━━ Material supplied
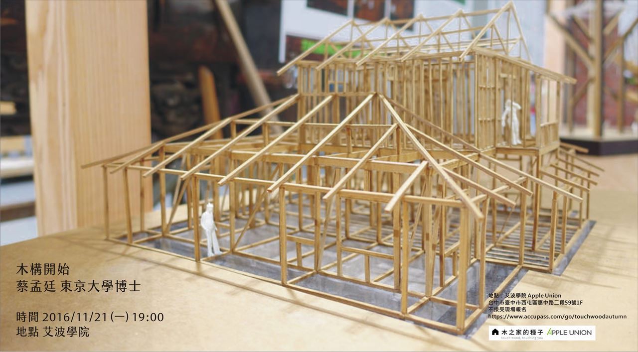 【11/21 】木構開始蔡孟廷 日本東京大學博士 台北科技大學助理教授踏入木構的第一堂課,不容錯過!想設計木構建築而不知所措嗎?老師說的話就要聽!老師告訴你如何開始木構。如何跨出第一步進入木構建築的世界。
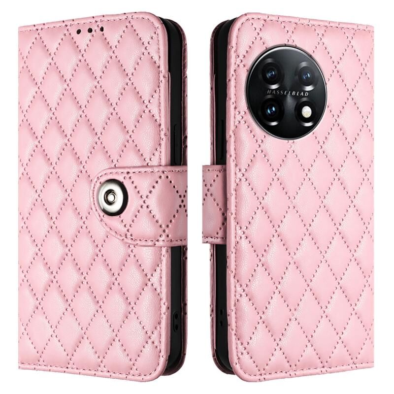 Για OnePlus 11 Rhombic υφή Flip δερμάτινη θήκη τηλεφώνου με κορδόνι (ροζ)
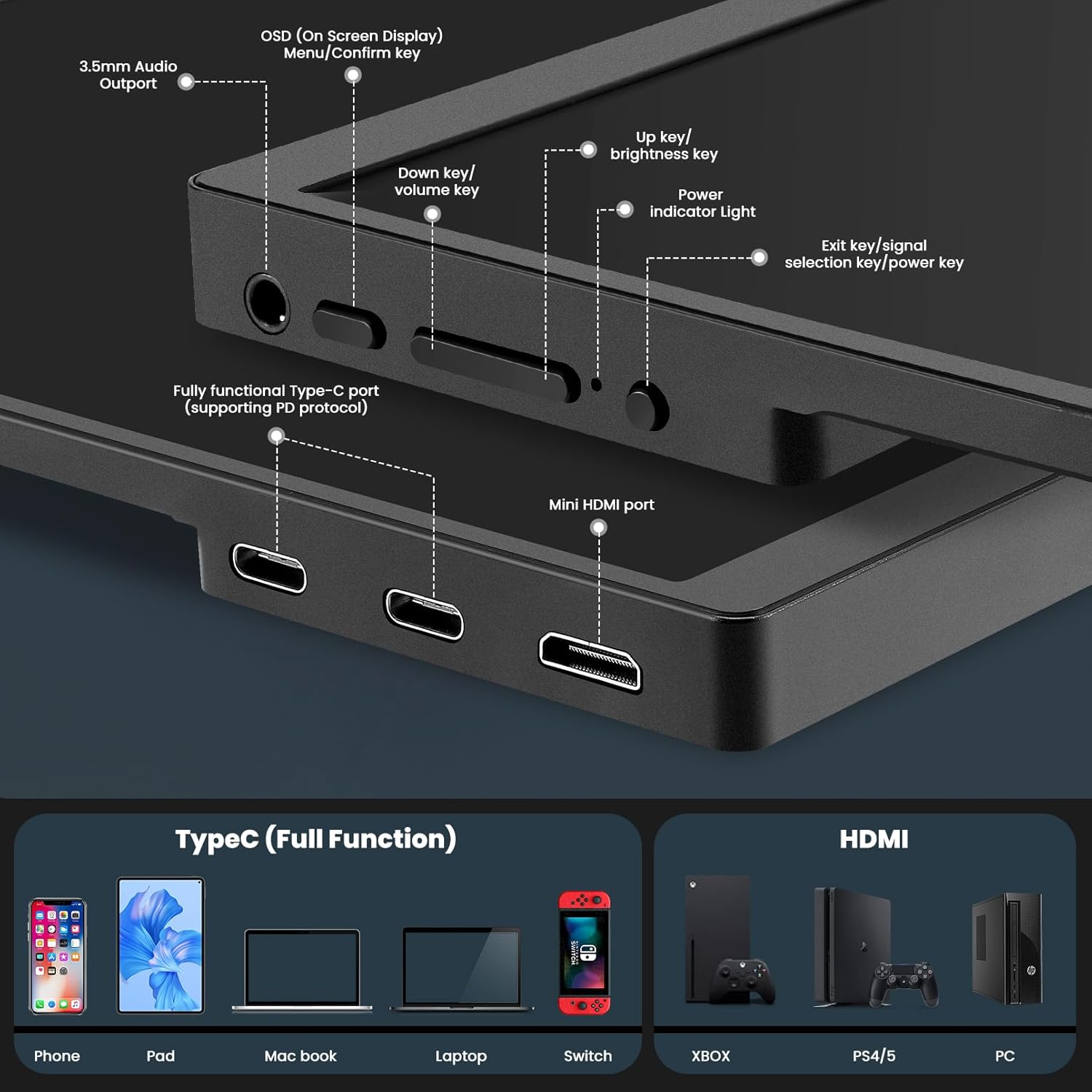 [Wide Compatibility] – The travel monitor supports USB-C and HDMI connectivity, enabling duplicate display or extended display functionality for your devices. It compatible with various devices, including laptops, PCs, tablets, gaming consoles (Switch/PS5/Xbox), and even phones (with DP-enabled USB-C). Note: When connecting via a single USB-C cable, ensure the host device’s USB-C port supports DisplayPort Alternate Mode and Power Delivery functionality.
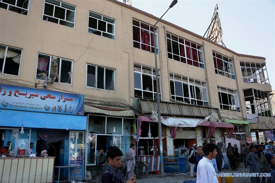 Personas permanecen frente inmuebles da?ados en el lugar donde se registró una explosión, en Kabul, capital de Afganistán, el 23 de julio de 2016. Por lo menos 61 personas perdieron la vida y 207 resultaron heridas en un ataque explosivo ocurrido el sábado durante una protesta en Kabul, la capital de Afganistán, informó un funcionario del sector de salud de Afganistán. (Xinhua/Rahmat Alizadah)
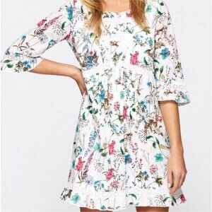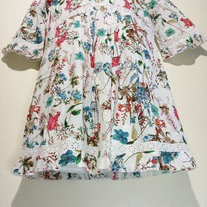 Anthropologie Sanctuary Ellie White Floral Print Lined Eyelet Causal Dress Sz S
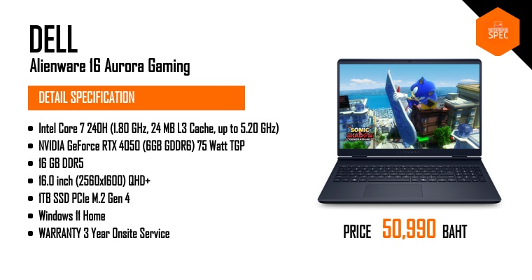 รีวิว Alienware 16 Aurora โน๊ตบุ๊คพลังเอเลี่ยน Intel Core 9+RTX 5070 ในงบ 85,990 บาท ดีไซน์สวยหรูไม่แพ้ใคร เล่นเกมลื่นไหลพอตัว!Aug 5, 2025 -
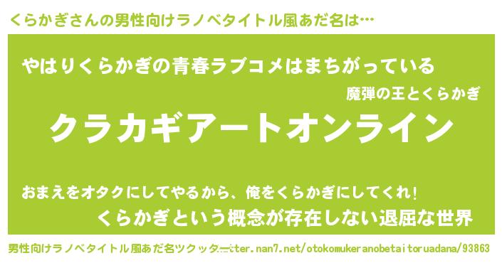 | 女子向けラノベタイトル風あだ名 | 『くらかぎ姫と円卓の騎士』 |
━━━━
# [Required work]
Please, without any pictures, write out exactly the lines of the listing from its first line through the line that holds "Για OnePlus 11", ends included, and nothing beyond them.

# [Result for this exercise]
 【11/21 】木構開始蔡孟廷 日本東京大學博士 台北科技大學助理教授踏入木構的第一堂課,不容錯過!想設計木構建築而不知所措嗎?老師說的話就要聽!老師告訴你如何開始木構。如何跨出第一步進入木構建築的世界。
 Για OnePlus 11 Rhombic υφή Flip δερμάτινη θήκη τηλεφώνου με κορδόνι (ροζ)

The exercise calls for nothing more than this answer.